Audrey Wurdemann Auslander (January 1, 1911 – May 20, 1960) was an American poet. She was the youngest winner of the Pulitzer Prize for Poetry at the age of 24, for her collection Bright Ambush.

==Biography==
Wurdemann was born in Seattle, Washington. She claimed to be the great-great-granddaughter of Percy Bysshe Shelley, but no Shelley lineage can be connected to her family. She never attended grammar school, and entered Lakeside High School at the age of 11.

At the age of 15, Wurdemann was introduced to poet and playwright George Sterling by magazine editor Samuel Dickson, who later recalled: "Sterling did not have much patience with adolescent geniuses. But this girl had something. … But that spring morning in 1926 she was very young and very excited." Dickson continued:Sterling sat in a straight chair, looking out of the window, the physical reincarnation of Dante. His hair was touseled under his tweed cap, his Grecian nose was long and straight, his warm, kind eyes looked through you and past you.He looked at Audrey and said, "Now, what do you want to do?"
"I want to learn to write great poetry," she said. "Someday I want to be able to describe all nature in my poems--the sky, the earth, the sunrise, and the sunset--everything!"
"Well," Sterling said, "that's very nice. God created the earth and the forests and the trees, and you want to do as fine a thing as God has done. I wish that someday I could write a perfect poem about a single leaf of a tree, with all its wonderful mystery and beauty. But I haven't the courage to undertake the task."

After talking with Wurdemann and reading her first poems, Sterling agreed to help Wurdemann put together a collection of her poetry, and then to find a sponsor who would get her collection of 65 poems published as a book.

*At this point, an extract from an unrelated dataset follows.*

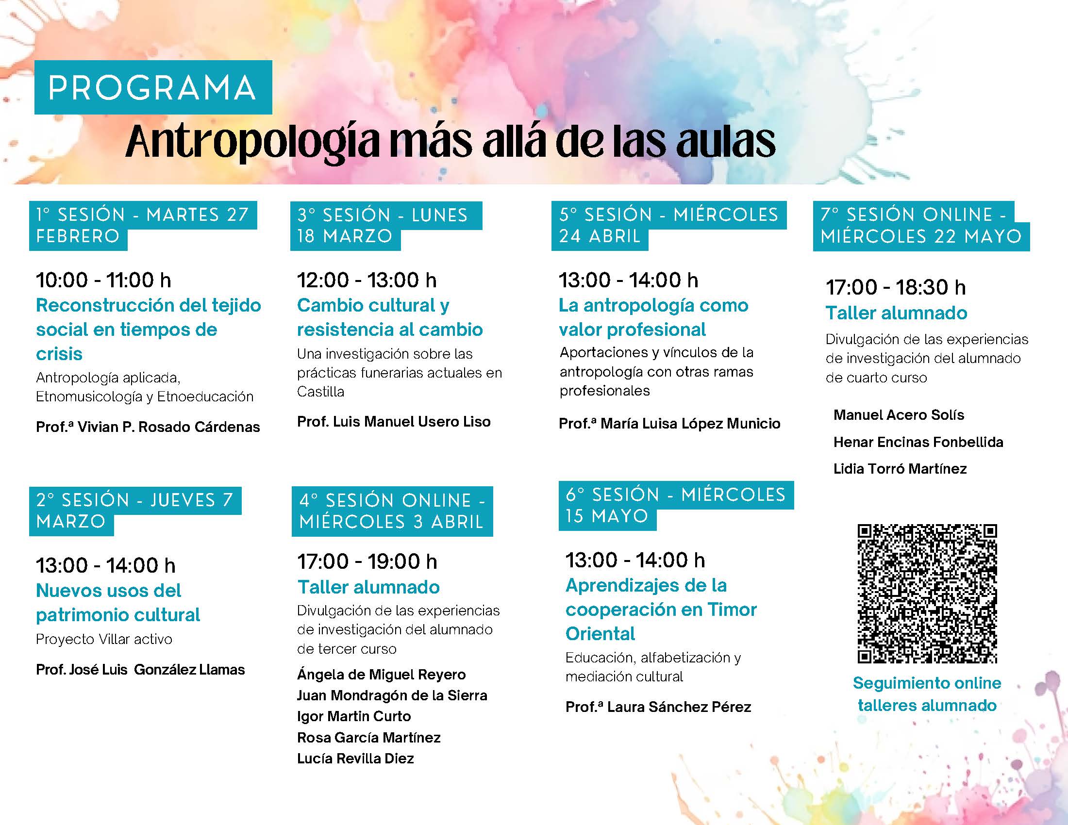 El seminario se lleva a cabo en el marco del PID ‘Aprendizajes y experiencias desde la Antropología: aplicación, profesionalización y visibilización del conocimiento antropológico’, subvencionado por el Vicerrectorado de Innovación Docente y Transformación Digital de la Universidad de Valladolid.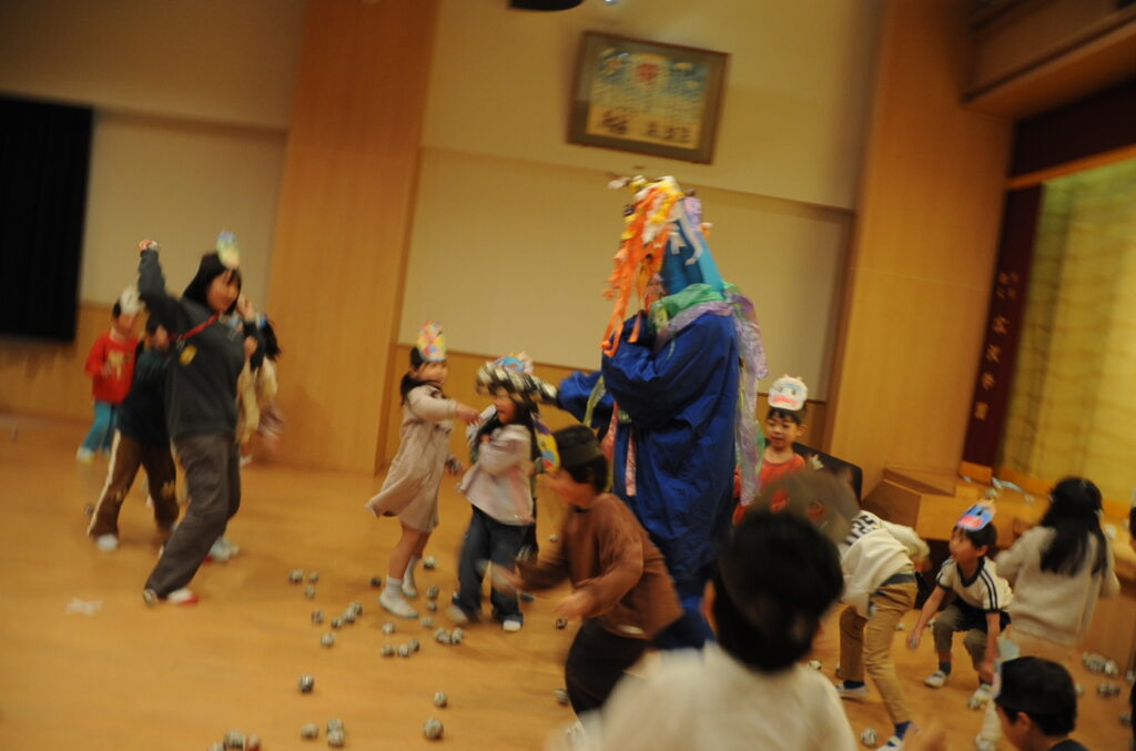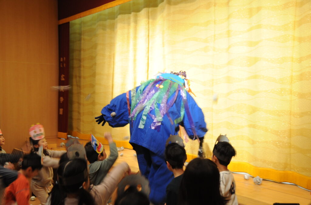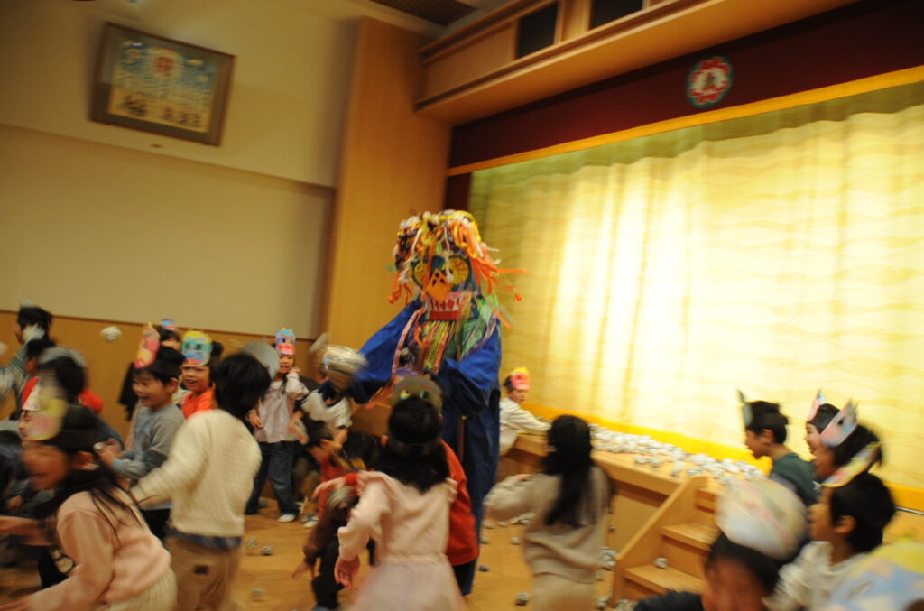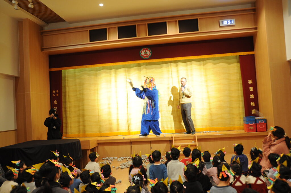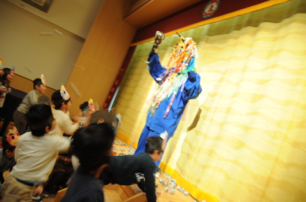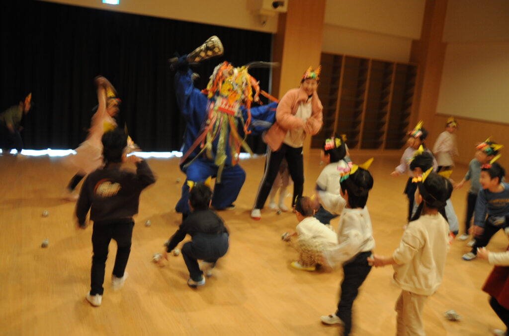 「悪い子はおらんかぁ?」「はぶれる子はおらんかぁ?」今日は、節分です。祇園幼稚園の子ども達の心の中にいるおにを追い出す日です。恐ろしいおにがやってきたので、思わず涙が出てしまった子がいましたが、おにをやっつけようとどの子もがんばりました。なお、写真のコメントは、いつものように制作者の想像です!あしからず!!

He also wrote a brief preface. Wurdemann's first book, The House of Silk, was published by Harold Vinal in New York in 1927 when she was 16.

Wurdemann graduated with honors from the University of Washington in 1931. After graduation, she traveled through Asia.

She married poet and novelist Joseph Auslander in 1932 and moved to New York City, where he taught at Columbia. They moved to Washington, D.C., when Auslander was appointed the first Poet Laureate Consultant in poetry of the Library of Congress; they lived at 3117 35th Street Northwest, Washington, D.C., in the Cathedral Heights neighborhood. She subsequently collaborated with him on the novels My Uncle Jan and The Islanders.
They spent their last years living in Coral Gables, Florida with their two children, Anna Mary and Louis Joseph Auslander.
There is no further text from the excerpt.